Get more tweets, automatically starting from end of the last search

> gathertweet search --n 100 --quiet "#rstats"
[2019-01-29 21:55:39] [INFO] ---- gathertweet search start ----
[2019-01-29 21:55:39] [INFO] Searching for "#rstats"
[2019-01-29 21:55:39] [INFO] Tweets from 1090438050835038208
[2019-01-29 21:55:39] [INFO] Gathered 1 tweets
[2019-01-29 21:55:39] [INFO] Total of 100 tweets in tweets.rds
[2019-01-29 21:55:39] [INFO] ---- gathertweet search complete ----

Update the stored data about those #rstats tweets

> gathertweet update
[2019-01-29 21:55:40] [INFO] ---- gathertweet update start ----
[2019-01-29 21:55:40] [INFO] Updating tweets in tweets.rds
[2019-01-29 21:55:40] [INFO] Getting 100 tweets
[2019-01-29 21:55:41] [INFO] ---- gathertweet update complete ----
> ls -lh
total 40K
-rw-rw-r-- 1 garrick garrick 40K Jan 29 21:55 tweets.rds

Documentation

> gathertweet --help
Gather tweets from the command line

Usage:
  gathertweet search [--file=<file>] [options] [--] <terms>...
  gathertweet update [--file=<file> --token=<token> --backup --backup-dir=<dir> --polite --debug-args]
  gathertweet simplify [--file=<file> --output=<output> --debug-args --polite] [<fields>...]

Arguments
  <terms>  Search terms. Individual search terms are queried separately,
           but duplicated tweets are removed from the stored results.
           Each search term counts against the 15 minute rate limit of 180
           searches, which can be avoided by manually joining search terms
           into a single query. WARNING: Wrap queries with spaces in
           'single quotes': double quotes are allowed inside single quotes only.

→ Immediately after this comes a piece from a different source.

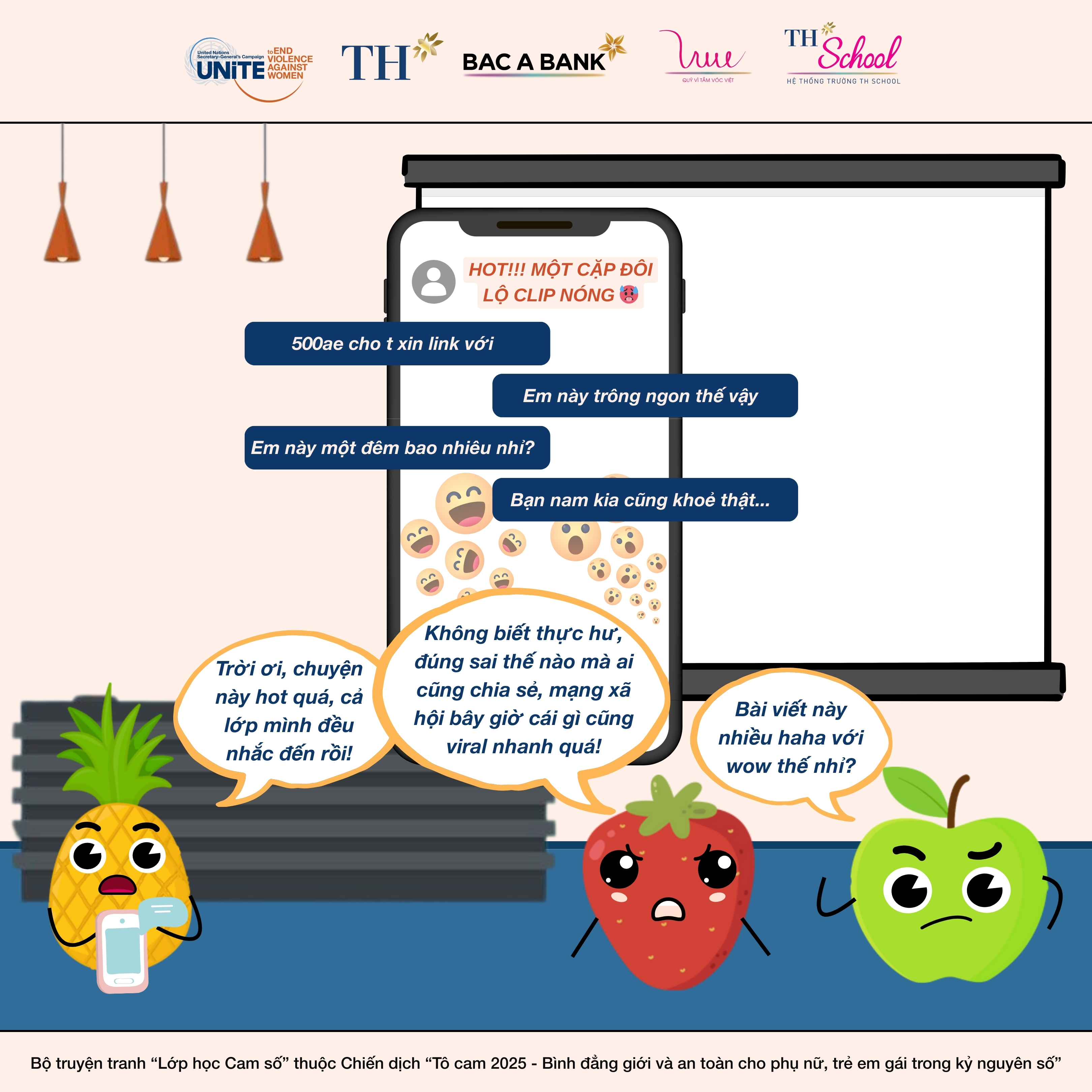 Hôm nay, Lớp học Cam số bỗng trở nên xôn xao khi trên mạng xuất hiện thông tin về một cặp đôi bị phát tán clip riêng tư. Ngay dưới bài đăng, hàng loạt bình luận khiếm nhã cùng những lời yêu cầu “xin link” xuất hiện, khiến lượt chia sẻ tăng chóng mặt.
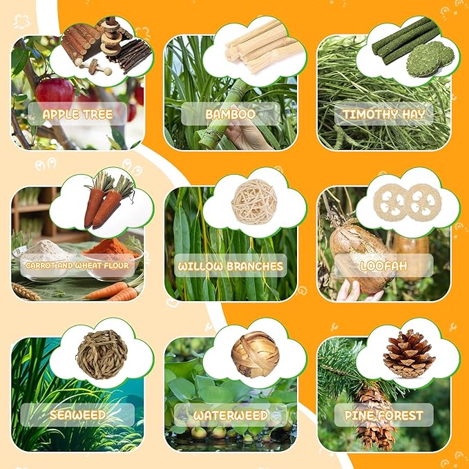 - 【Dental Health Protection】Natural apple wood branches and sweet bamboo sticks provide optimal rodent chew toys resistance to control tooth overgrowth; fibrous hay sticks and chewable pine cones satisfy natural gnawing instincts while promoting dental hygiene; edible carrot snacks redirect chewing urges away from furniture.

  <fields>  Tweet fields that should be included. Default value will include
            `status_id`, `created_at`, `user_id`, `screen_name`, `text`,
            `favorite_count`, `retweet_count`, `is_quote`, `hashtags`,
            `mentions_screen_name`, `profile_url`, `profile_image_url`,
            `media_url`, `urls_url`, `urls_expanded_url`.

Options:
  -h --help             Show this screen.
  --file <file>         Name of RDS file where tweets are stored [default: tweets.rds]
  --no-parse            Disable parsing of the results
  --token <token>       See {rtweet} for more information
  --retryonratelimit    Wait and retry when rate limited (only relevant when n exceeds 18000 tweets)
  --quiet               Disable printing of {rtweet} processing/retrieval messages
  --polite              Only allow one process (search|update) to run at a time
  --backup              Create a backup of existing tweet file before writing any new files
  --backup-dir <dir>    Location for backups, use "" for current directory. [default: backups]
  --debug-args          Print values of the arguments only

search:
  -n, --n <n>           Number of tweets to return [default: 18000]
  --type <type>         Type of search results: "recent", "mixed", or "popular". [default: recent]
  --include_rts         Logical indicating whether retweets should be included
  --geocode <geocode>   Geographical limiter of the template "latitude,longitude,radius"
  --max_id <max_id>     Return results with an ID less than (older than) or equal to max_id
  --since_id <since_id> Return results with an ID greather than (newer than) or equal to since_id,
                        automatically extracted from the existing tweets <file>, if it exists, and
                        ignored when <max_id> is set. "none" for all available tweets. [default: last]
  --and-simplify        Create additional simplified tweet set with default values.
                        Run `gathertweet simplify` manually for more control.
simplify:
  --output <output>     Output file, default is input file with `_simplified` appended to name.